10 July 2003

On Dylan's 'Plagiarism'

As some of you may have heard, Bob Dylan has been charged with plagiarizing from a Japanese novelist. If you haven't, info can be found here and here.

I'm not sure how much to make of any of this, partly because the links are pretty tenuous (the phrases I've seen compared are not especially 'unique'), and because I have some doubt about whether or not Dylan was actualyl exposed to the works of the novelist in question, Junichi Saga. But even if the lyrics are 'lifted' in one form of another, I'm reminded of these words from a little-read article on Van Morrison, here talking about the song Real Real Gone:
The song, perhaps more than saying anything per se, functions as [a] textbook example of how Morrison uses allusions in his songs: sometimes they are clear, even quoted (as with the closing roll-call that begins with "Wilson Pickett said..."); others are at once obvious and sublime. Consider, for example, how lyrics from Leon Russell's A Song For You ("You're a friend of mine") and The Beatles' Help ("Don't you know I need your help") climb almost seamlessly into the text of the song, and without emphasis being placed on their original source. Even the song's title, from a John Lee Hooker song of the same name, is embroidered into the lyric in such a way as to be patently obvious to the careful listened but almost oblivious to the careless one. It is as if Van Morrison has stolen a brick from every house in the neighbourhood and built his own home from the profits.

This kind of lyrical thievery is not necessarily to be dismissed: T.S. Eliot's The Waste Land probably commits more thievery than any poem of the twentieth century. Instead, an awareness of how a work takes from other works can add depth and texture to an understanding of what a song (or poem) can mean.

Artistic 'lifting'-- if that is indeed the case-- is always a difficult notion to assess, and it can become bloody impossible to tell if the artist in question is stealing, alluding, or using another form, often called 'collage.' Lines, for example, can become what are called objets trouvees, 'found objects,' that are put together in new forms and fashions, as, say images and logos from magazines can be pieced together in a collage. The trick is understanding the reshaping and the remaking of their surrounding context.

This is always an interesting issue. Is Marianne Moore plagiarizing when she includes fragments from newspapers in her poems? Is Eliot? And, even more interesting, is the scenario of the infamous Ern Malley scandal, for which I'd recommend people consult Michael Heyward's book The Ern Malley Affair, one of the more hilarious examples of Theivery For A Purpose.

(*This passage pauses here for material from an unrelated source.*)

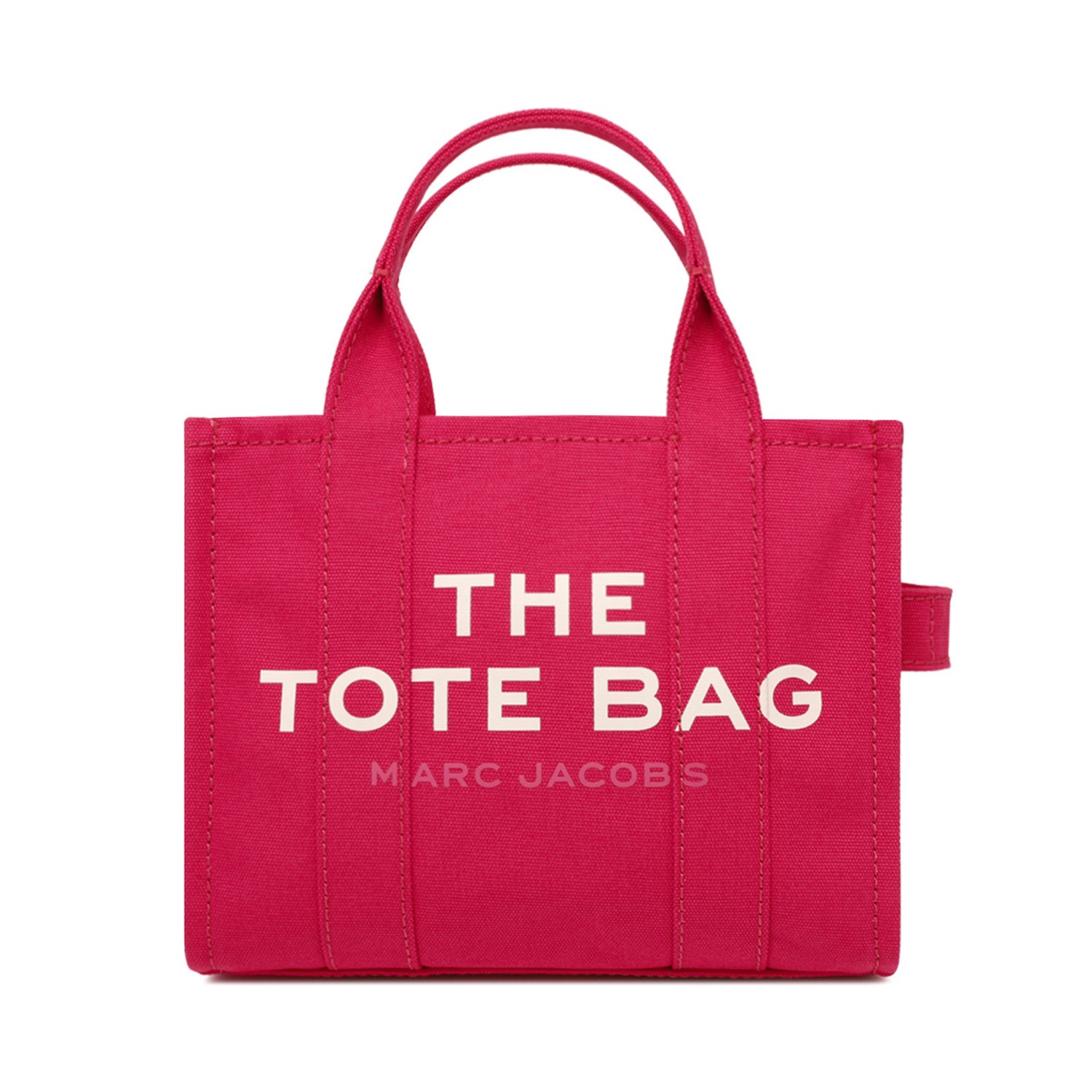 Marc Jacobs Raspberry Pink The Small Tote Bag. Rasperry pink canvas small tote bag with logo print to the front, robust top handles, sturdy top zipper, slip pocket, card slot, removable cross strap.

So, as for Dylan, I'll have to reserve judgment and wait for more-- including my own listening of Dylan's album, and my own reading of Saga's novel. But, even in Dylan's own canon, this is nothing particularly new, so I have to wonder what the fuss is really all about. I'm at least pleased to see Saga is not contemplating suing.

The quote, by the way (so I won't be charged with plagiarism) is from "Beautiful Revision: The Fearful Symmetries of Van Morrison and William Blake," an article in Wavelength 10 (December 1996), by Jeremy Sharp. I assure you, Mr. Sharp will have no problem with my quoting him here; he and I are very familiar with one another.